South Korea’s National Tax Service (NTS) clarified that users holding virtual assets in non-custodial decentralized wallets, such as MetaMask, are exempt from reporting on overseas financial accounts, according to a report by Digital Asset.
This clarification comes after the NTS’s decision to include virtual assets in reporting requirements starting June 2023 for holdings exceeding 500 million won.
The move addresses uncertainty among crypto enthusiasts regarding reporting obligations for decentralized wallets.
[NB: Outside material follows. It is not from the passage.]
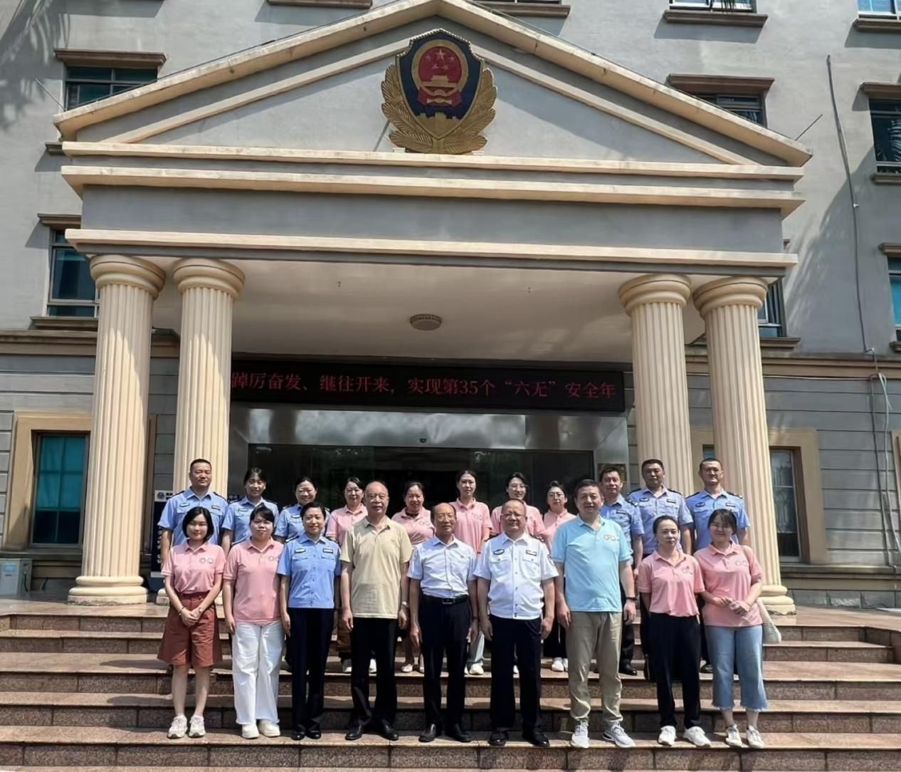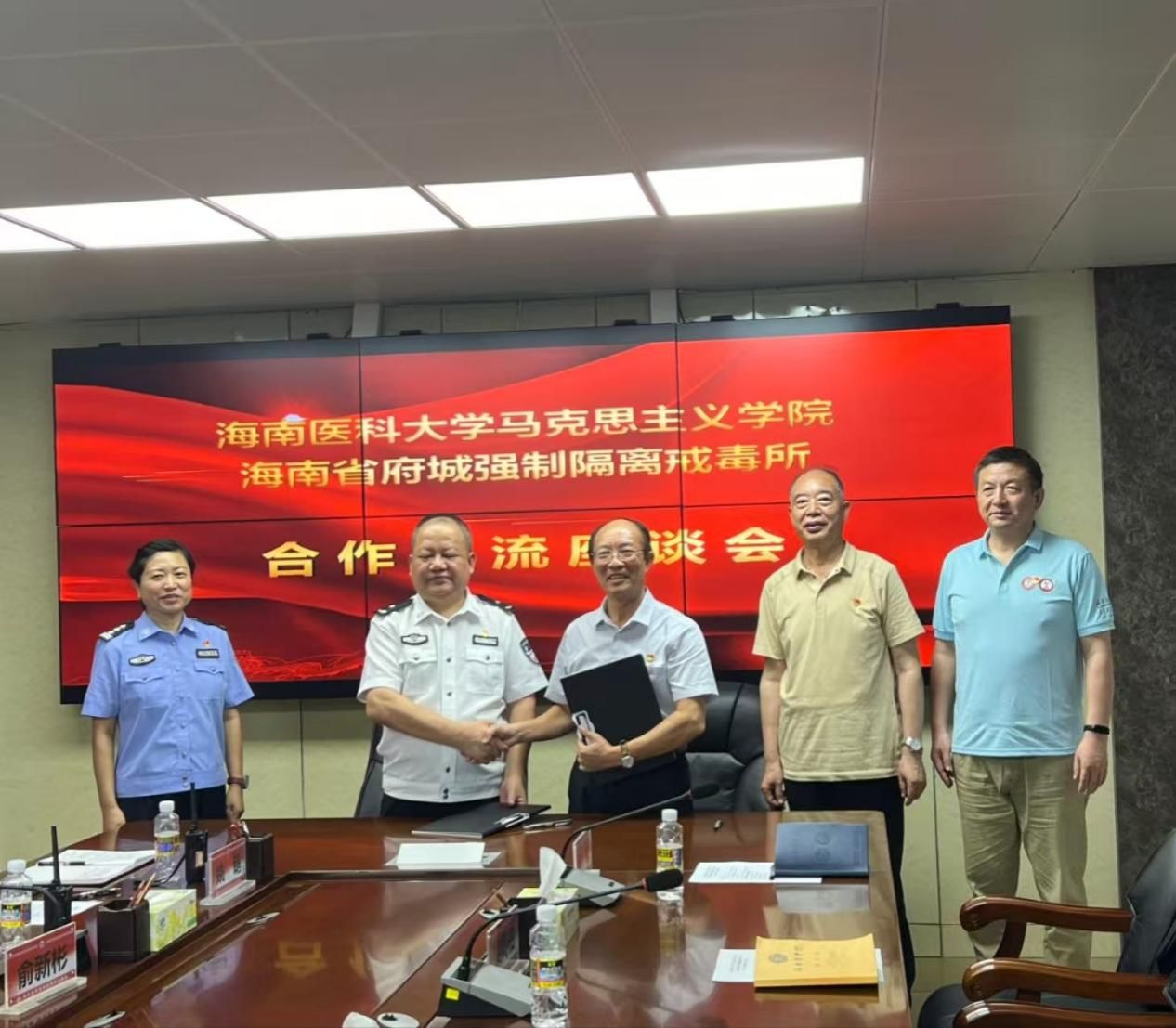 2025年5月9日上午,海南医科大学马克思主义学院(人文社会科学部)党总支书记王身坚、院长周书俊、副书记黎同柏以及党政办、教研办和各教研室负责人等一行十余人前往我院实践教学基地海南省府城强制隔离戒毒所考察交流。戒毒所党委副书记、政委金韬、副所长刘洁等领导、干警参与交流。双方就思想政治理论课实践教学建设、禁毒宣传教育、大学生志愿服务等领域的合作开展深入探讨,并签署《宣传教育和志愿服务合作协议》。

According to the NTS, “Overseas business operators only provide programs to store and store personal encryption keys, etc., and do not have control over them, so they are not involved in selling, buying, or exchanging, or holding virtual assets in wallets such as cold wallets are not subject to overseas financial account reporting.”
The exemption also applies to wallets from overseas corporations like Ledger and MetaMask. Tax accountant Kim Ji-ho emphasized the reporting’s purpose, highlighting the challenge of obtaining overseas tax data.
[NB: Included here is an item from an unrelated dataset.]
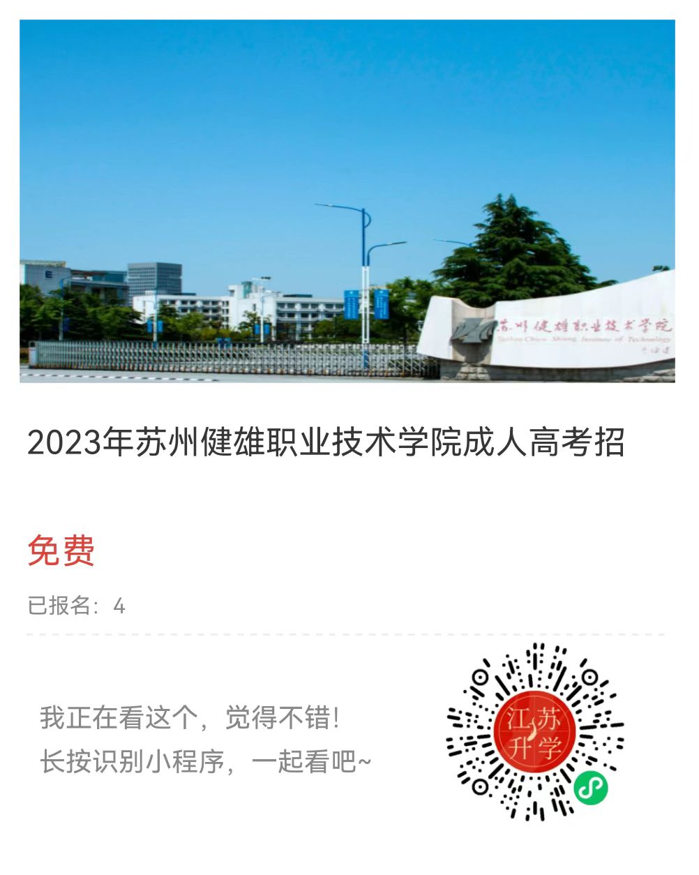 一、學(xué)校簡介 蘇州健雄職業(yè)技術(shù)學(xué)院地處錦繡江南金太倉。太倉,自古人文薈萃、教澤綿長,悠久的歷史形成了獨(dú)具風(fēng)格的婁東文化。新時代的太倉,中德企業(yè)合作基地、中德中小企業(yè)合作示范區(qū)和天然良港太倉港助推太倉產(chǎn)業(yè)升級與經(jīng)濟(jì)高速發(fā)展,“城鄉(xiāng)一體、產(chǎn)城融合,城在田中、園在城中”的田園城市特色逐步呈現(xiàn)。 學(xué)校堅持走校企合作、工學(xué)結(jié)合的人才培養(yǎng)道路,逐漸形成“政行企校”融合發(fā)展特色、“定崗雙元”人才培養(yǎng)特色、“健雄精神”素質(zhì)教育特色、“集聚資源”服務(wù)地方特色。畢業(yè)生就業(yè)競爭力位居省內(nèi)同類院校前列,相繼獲得江蘇省高等教育教學(xué)成果一等獎、特等獎,建立了國內(nèi)唯一的中德雙元制職業(yè)教育示范推廣基地。2015年成為江蘇省示范性高職院校建設(shè)單位。 成人高等教育堅持圍繞生產(chǎn)一線所需的技術(shù)應(yīng)用型人才培養(yǎng)目標(biāo),積極探索具有成人特點的多樣化人才培養(yǎng)模式的改革與創(chuàng)新,為服務(wù)地方經(jīng)濟(jì)建設(shè)提供人才支撐和智力貢獻(xiàn)。在鹽城、連云港兩地設(shè)有函授教學(xué)點,依托學(xué)院精密機(jī)械、港口物流、醫(yī)藥科技等專業(yè)優(yōu)勢,累計培養(yǎng)各類專門人才近萬名。我校成人高等教育將以黨的十九大提出的“完善職業(yè)教育和培訓(xùn)體系,深化產(chǎn)教融合、校企合作”重要精神,以習(xí)近平新時代中國特色社會主義思想為引領(lǐng),堅持“創(chuàng)新、協(xié)調(diào)、綠色、開放、共享”的發(fā)展理念,圍繞學(xué)校提出的“新認(rèn)識、新定位、新使命——打造中國縣域高職教育典范”的目標(biāo),立足行業(yè)、服務(wù)社會,不斷優(yōu)化辦學(xué)結(jié)構(gòu),深化產(chǎn)教融合,充分發(fā)揮高校服務(wù)地方功能,構(gòu)建和完善學(xué)習(xí)型社會和終身教育體系。 二、報名條件 1.成人大專:具有普通高中、中專、職高、技校畢業(yè)證書的畢業(yè)生及具有同等學(xué)力的社會其他人員。 三、招生專業(yè) 四、學(xué)習(xí)費(fèi)用 學(xué)生在校期間的學(xué)習(xí)費(fèi)用,嚴(yán)格按江蘇省蘇價費(fèi)(2007)271號文件規(guī)定執(zhí)行(文史類專業(yè)1700元/學(xué)年、理工類專業(yè)1900元/學(xué)年),書籍講義費(fèi)等自理。(如有新文件規(guī)定則按新標(biāo)準(zhǔn)執(zhí)行) 五、考試科目 高起專理工類(550)需考語文、數(shù)學(xué)(理)、外語;文史類(510)需考語文、數(shù)學(xué)(文)、外語。 六、畢業(yè)與學(xué)位 成人大專:學(xué)生修完本專業(yè)教學(xué)計劃規(guī)定的課程(英語、計算機(jī)全省統(tǒng)考),成績合格,符合畢業(yè)條件者,由常州機(jī)電職業(yè)技術(shù)學(xué)院頒發(fā)經(jīng)省教育廳驗印和國家教育部電子注冊的成人高等教育??飘厴I(yè)文憑。 七、報名方式 在線報名:登錄江蘇升學(xué)指導(dǎo)中.心成人高考預(yù)報名系統(tǒng),填寫個人姓名、聯(lián)系電話、選擇院校及專業(yè),提交的報名信息后工作人員將會在24小時內(nèi)進(jìn)行回復(fù)確認(rèn)。 七、考試流程 九、報名咨詢 小程序免費(fèi)報名→填入個人信息→等候招生老師聯(lián)系(1—3個工作日) 直接聯(lián)系招生老師

Kim Ji-ho, an NTS accountant, said, “The purpose of reporting overseas financial accounts is to report because there are limitations in obtaining overseas tax data, but there was controversy as to whether the Metamask wallet was an overseas wallet.”
This clear stance provides relief to individuals using non-custodial wallets, while assets held on centralized exchanges abroad remain subject to reporting requirements.